Унижение и энтузиазм в Грузии

© Mariam Nikuradze / OC Media


В этой статье антрополог и член социалистического движения «Хма» (Голос) Гиорги Хасаиа описывает постсоциалистическую экономическую модель Грузии, своеобразную форму капитализма — олигархический капитализм. Гиорги Хасаиа считает, что хотя эта форма общественных отношений возникла в России после реформ Егора Гайдара, в полной мере реализовалась она в Грузии. В условиях постсоветского олигархического капитализма страна превращается в «демократию низкой интенсивности», граждане теряют влияние на политику, а их судьбы решаются не в парламенте, а на рынке — производя при этом унижение, безысходность и отчаяние. В Грузии этой модели общественных отношений противостоит «энтузиазм сопротивления», форма протеста, возникшая в грузинских селах и пришедшая в города.

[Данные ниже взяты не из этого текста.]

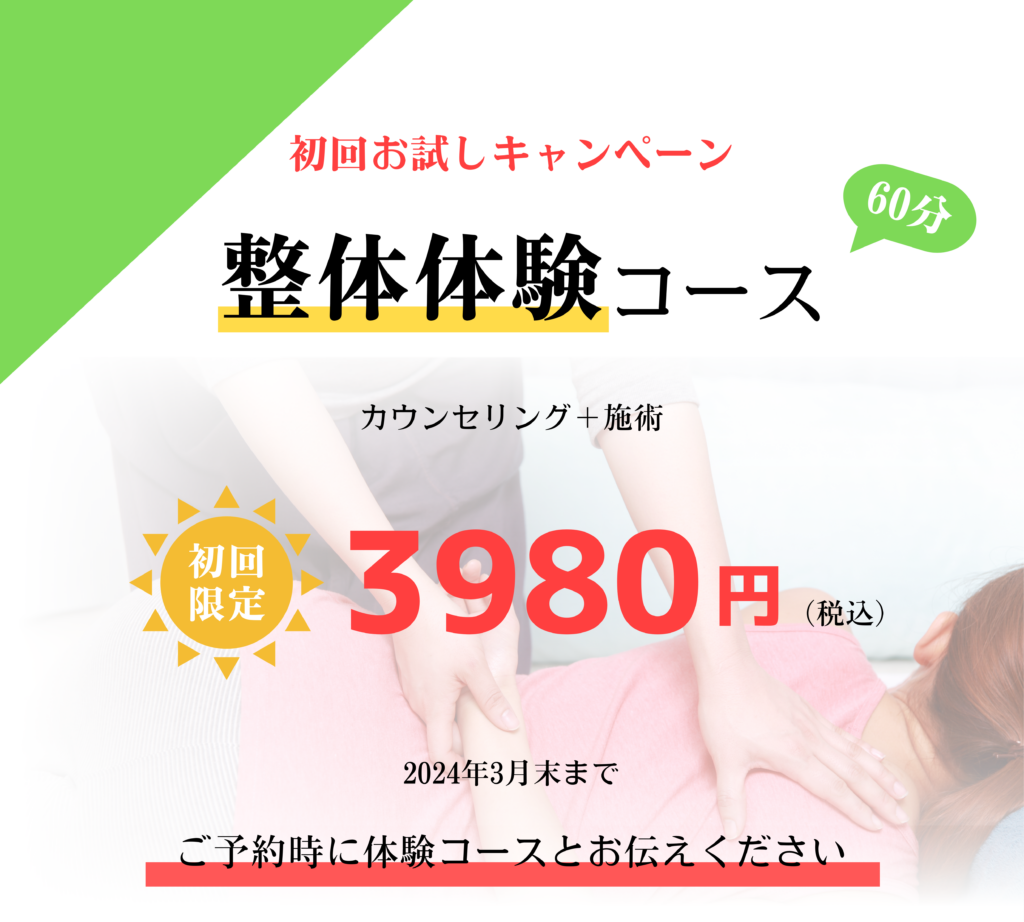 幼少より整形外科に通い、30代以降は定期的には整体・整骨に通う日々でした。

ქართული   English   Русский


16 января 2022 года 52-летний вынужденный переселенец из Абхазии, проживавший в бывшем санатории «Картли», прыгнул с крыши 7-этажного дома. Вынужденные переселенцы, живущие в этом доме, давно просят власти предоставить им квартиры. Только звук падения тела на землю смог вызвать общественную реакцию: после самоубийства правительство дало публичное обещание быстро предоставить вынужденным переселенцам квартиры. Такова трагедия безмолвных — их голос слышен только как доказательство их собственного физического отсутствия, их тотальной уязвимости, ужаса, случившегося с ними. Молодой человек, живущий в том же санатории, говорит, что им пришлось устроить кухню на месте, где раньше был туалет. Так унижение внедряется в повседневную жизнь, и даже когда мы не помним самого факта унижения, оно продолжает существовать подобно вирусу, мутирует, подавляя слабые антитела, вызывая безысходность и отчаяние.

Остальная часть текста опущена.